**INPUT DATA:**
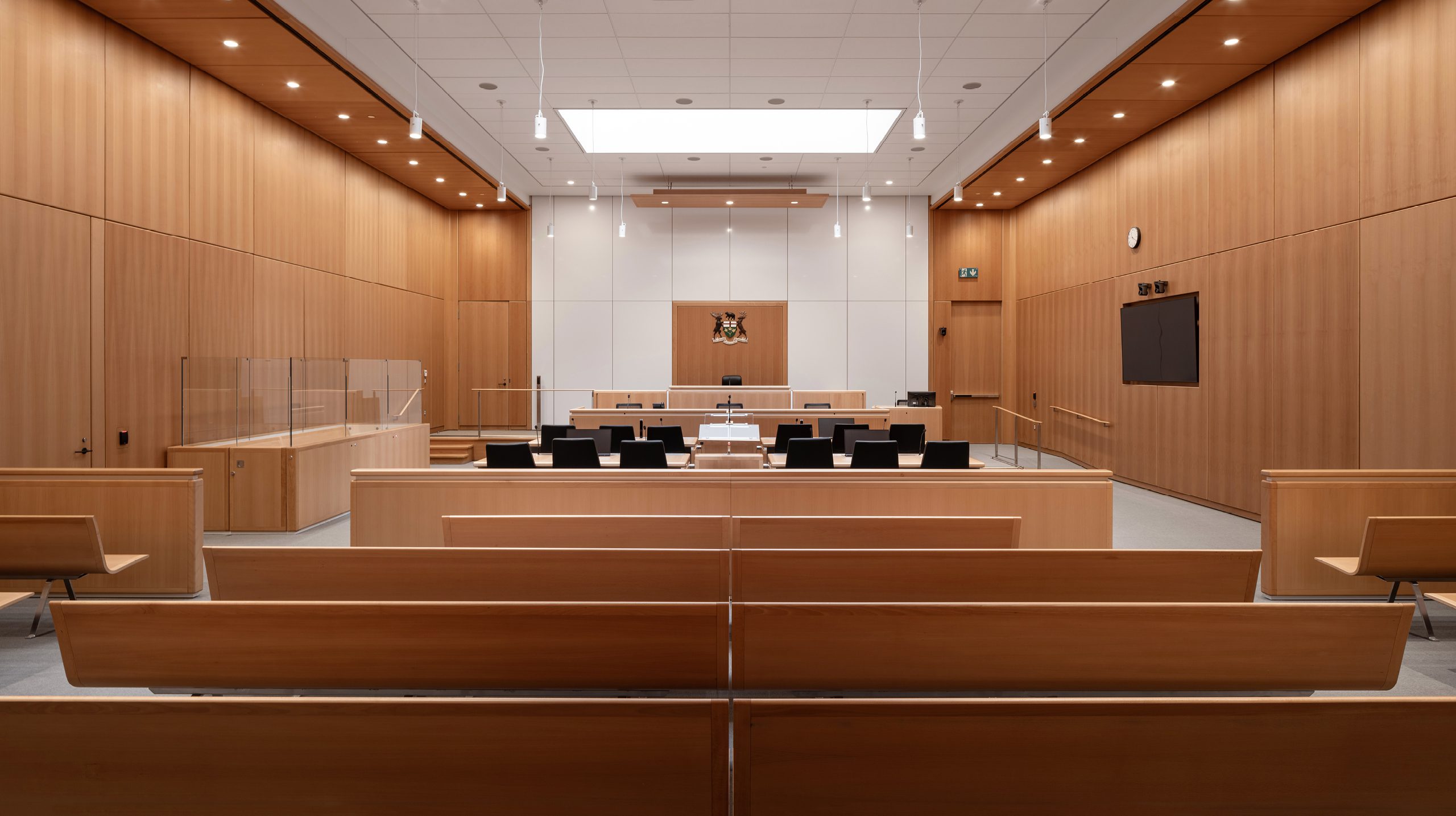 The architecture expresses a clear image with a simple form that is both legible and transparent. The transparency of the lower levels, in particular a 20-meter-tall atrium surrounded by a minimal cable façade, allows for a relationship to exist between the institution and the city. A 90-meter-tall architectural mast marks the judicial precinct and aligns to the East portico of Osgoode Hall, and the northern terminus of York Street. The envelope of the tower is characterized by a layering of embossed metal panels, wood frames and low iron glass generating a materiality that is dynamic and in constant flux and is capped by a significant photovoltaic array.
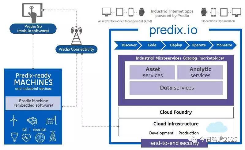 国外的典型应用有通用电气的PredixCloud平台,负责将各种工业资产设备和供应商相互连接、接入云端,并提供资产性能管理和运营优化服务,可以存储、分析和管理机械的实时数据,监测实时数据来实现监控工业产品,利用过往数据来预测设备状态等。
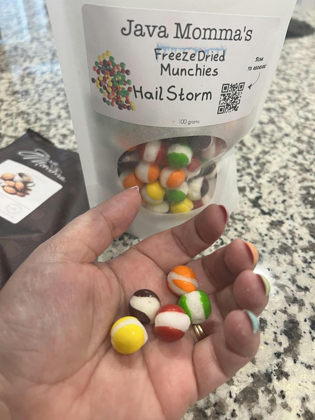 A: Humidity is the enemy of the crunch! Keep your Munchies tightly sealed in their pouch and store them at room temperature. If you leave the bag open, the candy will pull moisture out of the air and get chewy again. (But honestly, they are so good, they probably won't last long enough for that to happen).

**ACTIVITY:** Please set down the lines above word for word and leave out the pictures.

**SOLUTION FOR THIS EXERCISE:**
 The architecture expresses a clear image with a simple form that is both legible and transparent. The transparency of the lower levels, in particular a 20-meter-tall atrium surrounded by a minimal cable façade, allows for a relationship to exist between the institution and the city. A 90-meter-tall architectural mast marks the judicial precinct and aligns to the East portico of Osgoode Hall, and the northern terminus of York Street. The envelope of the tower is characterized by a layering of embossed metal panels, wood frames and low iron glass generating a materiality that is dynamic and in constant flux and is capped by a significant photovoltaic array.
 国外的典型应用有通用电气的PredixCloud平台,负责将各种工业资产设备和供应商相互连接、接入云端,并提供资产性能管理和运营优化服务,可以存储、分析和管理机械的实时数据,监测实时数据来实现监控工业产品,利用过往数据来预测设备状态等。
 A: Humidity is the enemy of the crunch! Keep your Munchies tightly sealed in their pouch and store them at room temperature. If you leave the bag open, the candy will pull moisture out of the air and get chewy again. (But honestly, they are so good, they probably won't last long enough for that to happen).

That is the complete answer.